Unsupervised Learning - these systems identify both groups or clusters of related documents as well as the relationship between these clusters. Commonly referred as clustering, this approach eliminates the need for training sets because it does not require a preexisting taxonomy or category structure. However, clustering algorithms are not always good at selecting categories that are intuitive to users. On the other hand, clustering will often expose useful relationships and themes implicit in the collection that might be missed by a manual process. For this reasons, clustering generally works hand-in-hand with supervised learning techniques.

Each of approaches is optimal for a different situation. As a result, classification vendors are moving to support multiple methods.

Most real world implementations combine search, classification, and other techniques such as identifying similar documents to provide a complete information retrieval solution. Organizations having document repositories will generally benefit from a customized taxonomy.

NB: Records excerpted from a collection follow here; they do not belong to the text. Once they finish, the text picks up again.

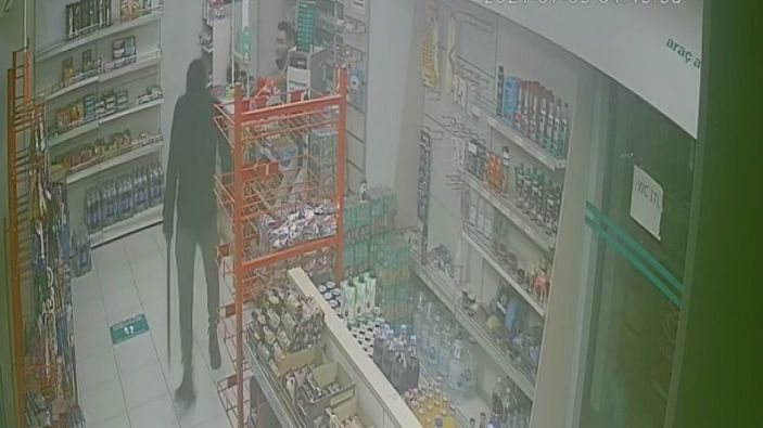 Montunun koluna gizlediği kılıcı çıkaran şüpheli, kasiyer Yusuf D.’yi (20) tehdit edip, kasadaki paraları vermesini söyledi. Yusuf D. ise kasadaki 900 TL’yi şüpheliye verdi.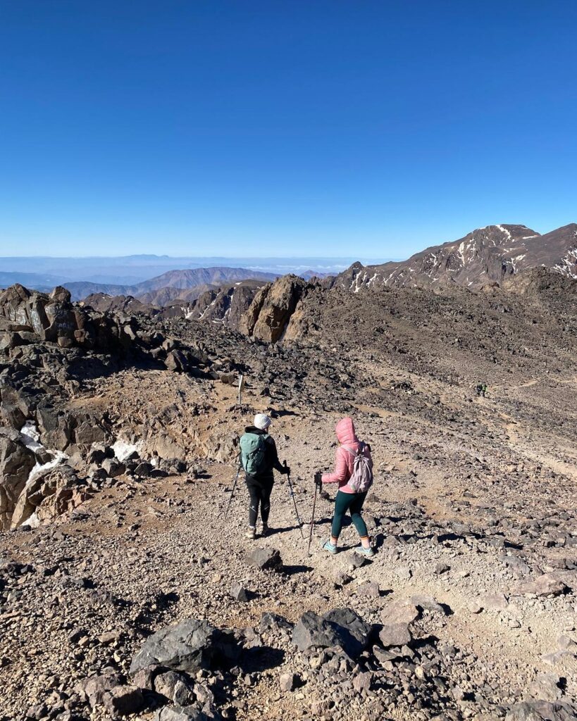 Zejście ze szczytu do schroniska trwa 2–4 godziny. Po krótkim odpoczynku i posiłku – dalsze zejście do Imlil, kolejne 10–12 km (ok. 1500 m w dół).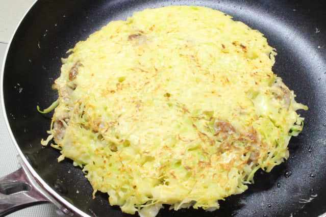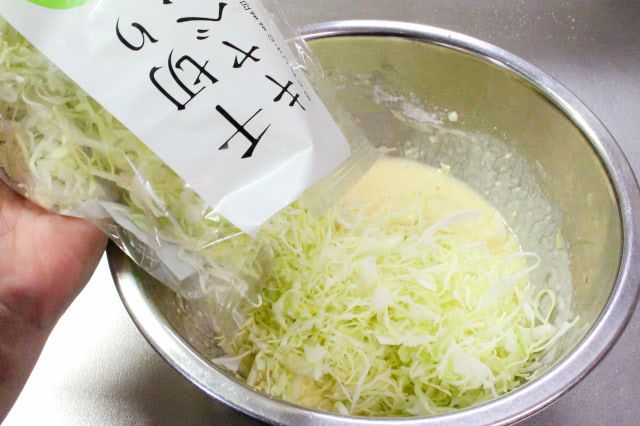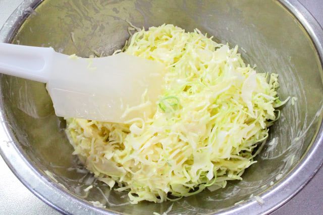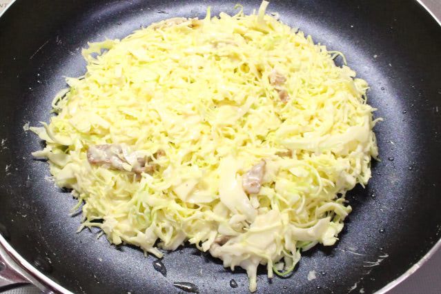 全体を混ぜ合わせると、生地はキャベツにまとわりつく程度。キャベツがたっぷり入っていることが、見て取れますね。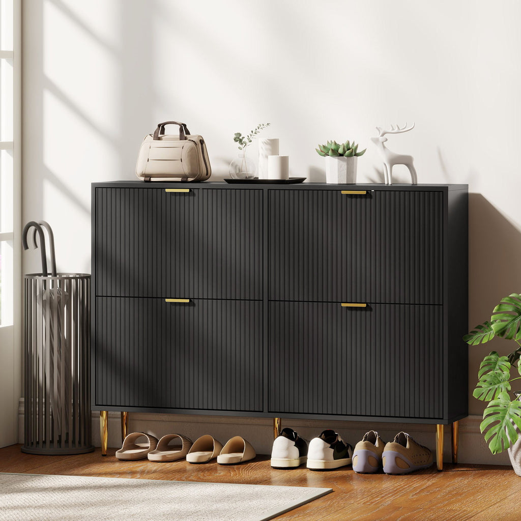 - Four flip drawers store 10-20 shoe pairs, maximum size UK 9.5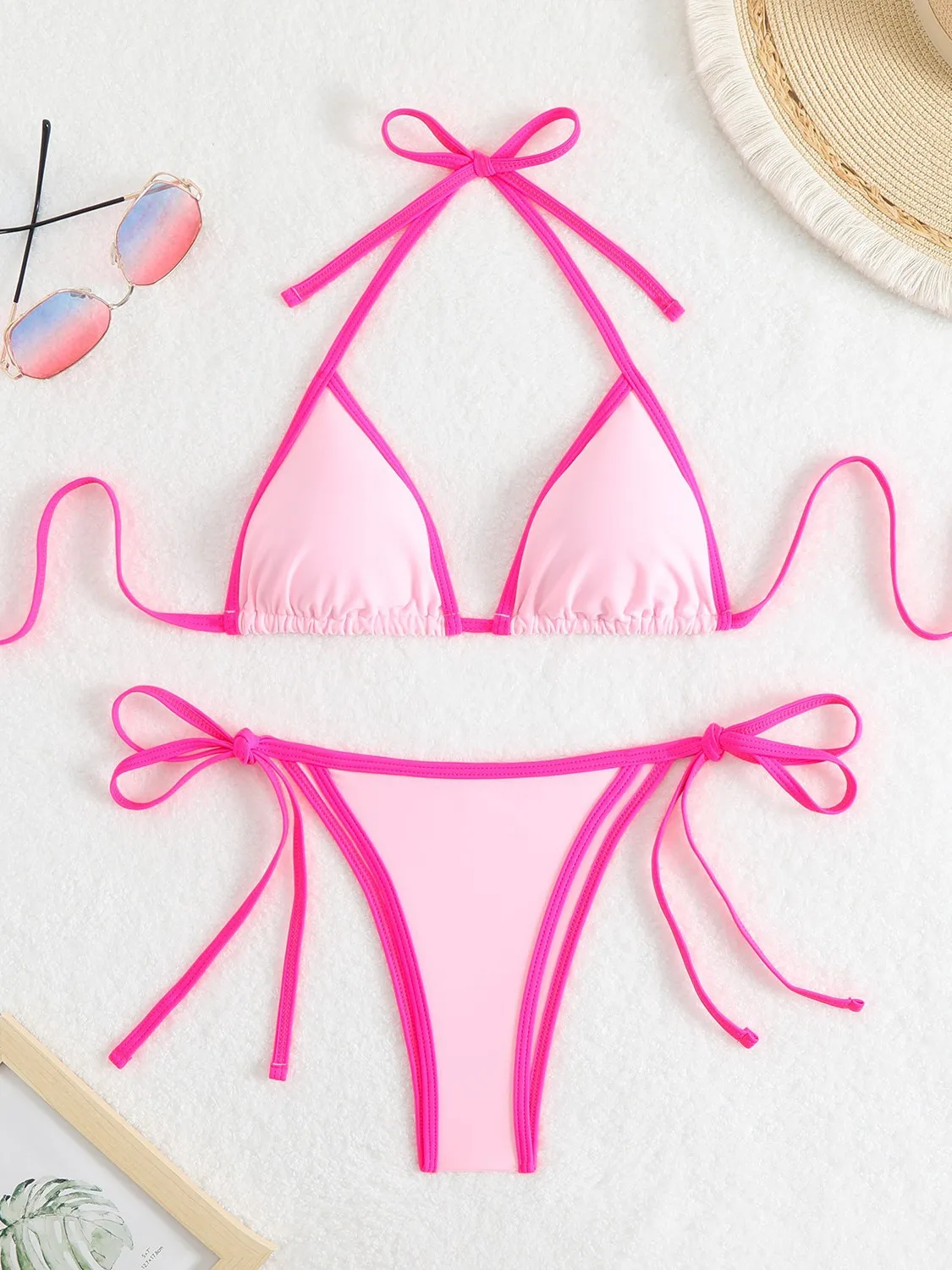 Women Sexy Solid Spandex/Nylon Breathable Bikini Set Triangle Swimsuit Two Piece Swimwear for Beach Vacation

Once documents are clustered, an administrator can first rearrange, expand or collapse the auto-suggested clusters or categories, and then give them intuitive names. The documents in the cluster serve as initial training sets for supervised-learning algorithms that will be used subsequently to refine the categories. The end result is a taxonomy and a set of topic models are fully customized for an organization's needs.

Building an extensive custom taxonomy can be a large expense. However, automated classification tools can reduce the taxonomy development and maintenance cost.

Organizations with document collections that span complex areas such as medicine, biotechnology, aerospace will have a large taxonomy. However, there are ways to refine taxonomy so it does not become an overwhelming task.

Together, enterprise search and classification provide an initial response to information overload.